Key Points
- Nvidia faces revived class action over alleged misreporting of crypto mining GPU revenue.
- Case raises broader disclosure questions for public companies with crypto-linked income.
A revived class action lawsuit in the U.S. District Court for the Northern District of California targets Nvidia Corporation over allegations it misclassified graphics processing unit (GPU) revenue tied to cryptocurrency mining.
The complaint claims the company obscured mining-related sales within its gaming segment during a volatile period in digital asset markets.
Nvidia Crypto Class Action and Revenue Reporting
The case, originally filed as In re NVIDIA Corp. Securities Litigation (Case No. 21-cv-02899), alleges violations of Section 10(b) of the Securities Exchange Act of 1934 and Rule 10b-5.
It also asserts control-person liability claims against Chief Executive Officer Jensen Huang under Section 20(a).
The action was reinstated on January 15, 2026, after earlier procedural dismissals in 2022.
Plaintiffs focus on Nvidia’s fiscal reporting from late 2017 through early 2018, when demand for GPUs surged due in part to mining activity involving Ethereum.
They argue that mining-driven sales were largely recorded as gaming revenue rather than disclosed as a separate category, presenting what they describe as a more stable revenue mix to investors.
The complaint references internal data allegedly showing approximately $155 million in mining-attributable GPU sales during Q4 2017 that were not separately disclosed.
Although Nvidia acknowledged elevated mining demand during earnings communications, plaintiffs contend the disclosures did not fully reflect the concentration of that revenue source.
The proposed class includes investors who held Nvidia shares between January 2018 and November 2018, encompassing both the peak of mining-related GPU demand and the subsequent downturn.
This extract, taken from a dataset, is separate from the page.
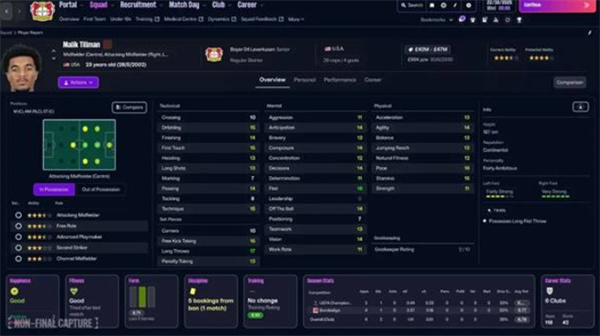 在《FM26》中,玩家接手时需应对换帅与阵容更迭。后防有Quansah与Bade,前场由Tillman与Ben Seghir领衔,攻守兼备。

Under Rule 10b-5, plaintiffs must demonstrate a material misrepresentation or omission, investor reliance, and intent or reckless disregard, as required by the Private Securities Litigation Reform Act.
Disclosure Standards and Crypto-Linked Revenue
The lawsuit reflects ongoing regulatory scrutiny surrounding cryptocurrency-related disclosures by public companies.
Since 2018, the U.S. Securities and Exchange Commission has signaled that companies deriving material revenue from crypto-linked activity may face heightened disclosure obligations under Regulation S-K, particularly in Management’s Discussion and Analysis sections.
Although the SEC previously investigated Nvidia’s disclosures without bringing formal enforcement action, the inquiry highlighted regulatory concerns about transparency in reporting mining-related revenue.
Courts evaluating similar cases involving volatile demand segments have generally required detailed allegations demonstrating conscious misconduct or recklessness under heightened pleading standards.
Within the Ninth Circuit, plaintiffs must provide particularized facts showing more than awareness of strong crypto demand to establish scienter.
The revived complaint’s prospects may depend on whether additional documentary evidence satisfies those requirements.
The case also underscores broader uncertainty over how companies delineate traditional commercial activity from crypto-specific exposure in financial reporting.